___ Task inputs ___
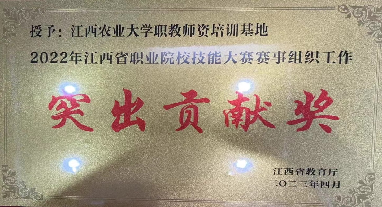 近日,江西省教育厅发文对2022年全省职业院校技能大赛“突出贡献”单位和“优秀工作者”进行表彰,我校职教师资培训基地荣获全省职业院校技能大赛赛事组织工作“突出贡献奖”,基地钱丹妮被评为“优秀工作者”。
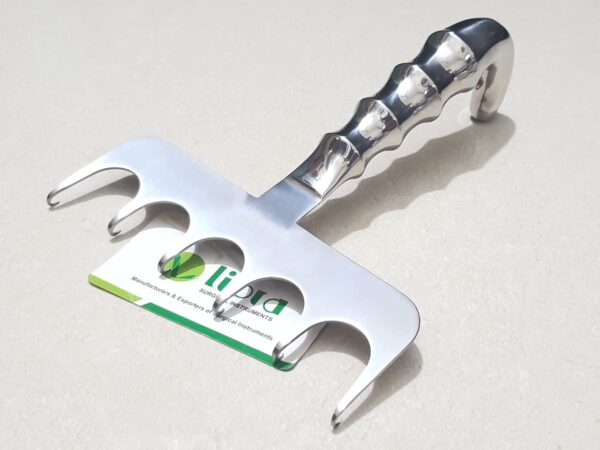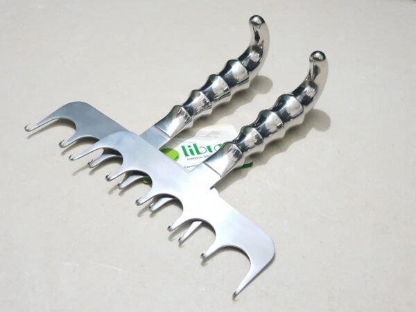LIBRA Brand Yancoskie Abdominoplasty Retractor 19cm is Total Overall Length Size, Features With 6 Sharp Prongs/Hooks and Ergonomic handle reduces hand fatigue. Used in tummy tuck procedures to retract skin evenly. Handcrafted With German Stainless Steel. Blade Finish is Satin With Gold Plated Finger Grip Hollow Handle. Original Pics are Attached
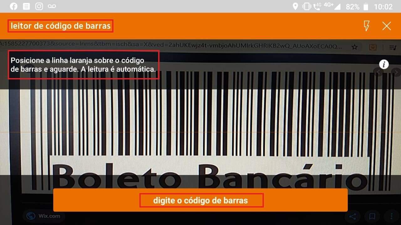 4. Em seguida, é só pegar o boleto e alinhar a câmera do celular no código de barras. Se preferir, você pode fazer o pagamento digitando o código de barras.
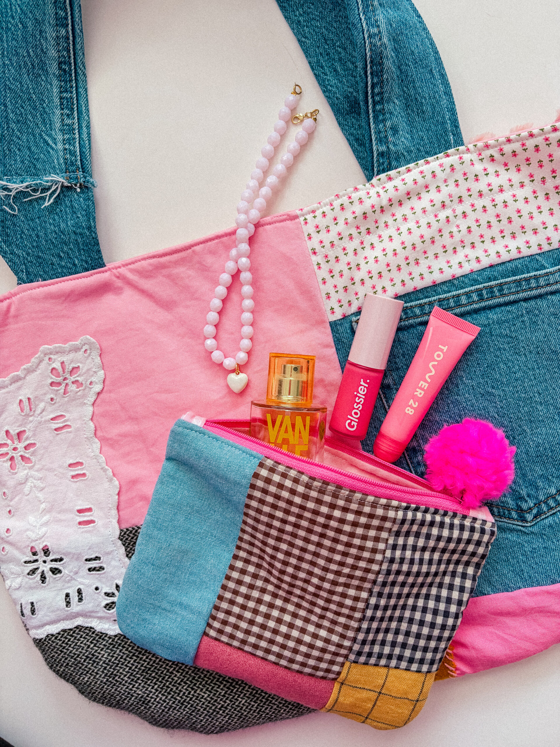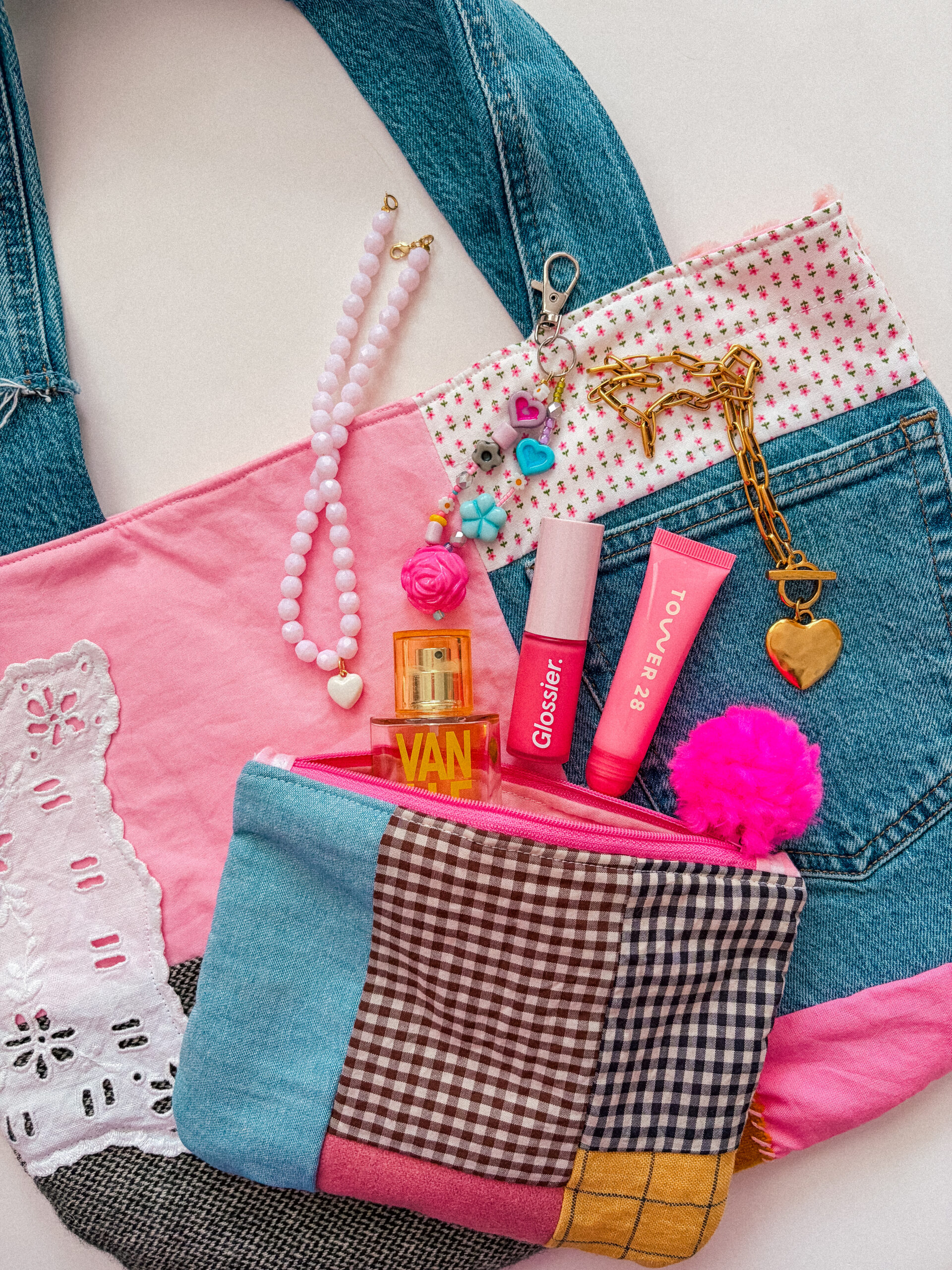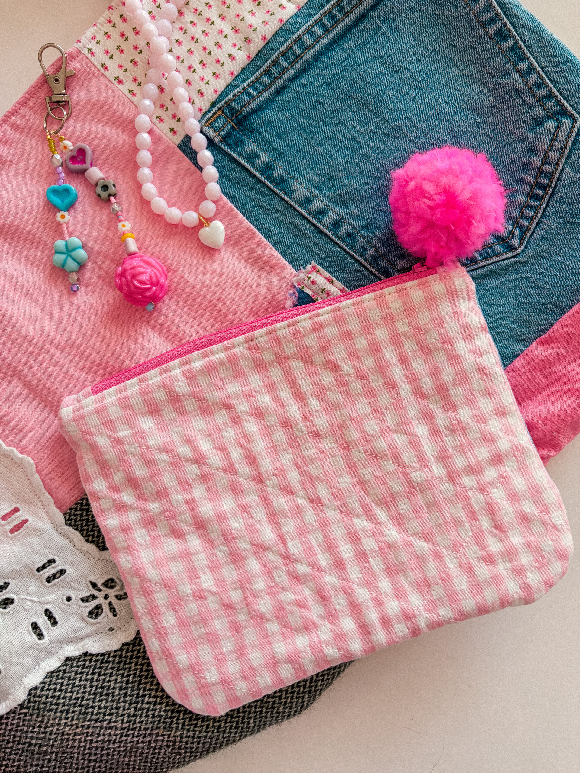 The patchwork zipper bag is a statement piece for your essentials. Made from a mix of vintage, upcycled, and new fabrics, each bag is unique. Its patchwork design adds texture and charm, while the zipper keeps everything secure. Perfect for makeup, trinkets, or everyday small essentials.
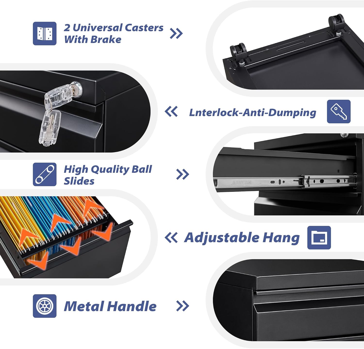 • 【Interlocking System】:The anti-tilt device allows only one drawer to be opened at a time, preventing the filing cabinet from tipping forward. Furthermore, our under desk filing cabinet is equipped with a central lock, which can secure all drawers with just one key, adding an extra layer of security to your home or office.
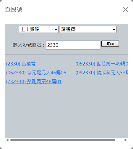 點選〔查股號〕按鈕會依所選市場彈出該市場的「股號查詢」小視窗,可以在小視窗選擇類股,再選取想要交易的股票,系統會把所點選的股票代碼帶到 下單介面的「輸入欄」內; 也可以在「輸入股號股名」欄輸入「股票名稱」或「股票代碼」,按下〔查詢〕按鈕,搜尋出所輸入的「股票名稱」及「股票代碼」。
___
Work item
Beginning with the line that contains "The patchwork zipper", reproduce every line through the end of the records above exactly, leaving pictures out.

Your solution
 The patchwork zipper bag is a statement piece for your essentials. Made from a mix of vintage, upcycled, and new fabrics, each bag is unique. Its patchwork design adds texture and charm, while the zipper keeps everything secure. Perfect for makeup, trinkets, or everyday small essentials.
 • 【Interlocking System】:The anti-tilt device allows only one drawer to be opened at a time, preventing the filing cabinet from tipping forward. Furthermore, our under desk filing cabinet is equipped with a central lock, which can secure all drawers with just one key, adding an extra layer of security to your home or office.
 點選〔查股號〕按鈕會依所選市場彈出該市場的「股號查詢」小視窗,可以在小視窗選擇類股,再選取想要交易的股票,系統會把所點選的股票代碼帶到 下單介面的「輸入欄」內; 也可以在「輸入股號股名」欄輸入「股票名稱」或「股票代碼」,按下〔查詢〕按鈕,搜尋出所輸入的「股票名稱」及「股票代碼」。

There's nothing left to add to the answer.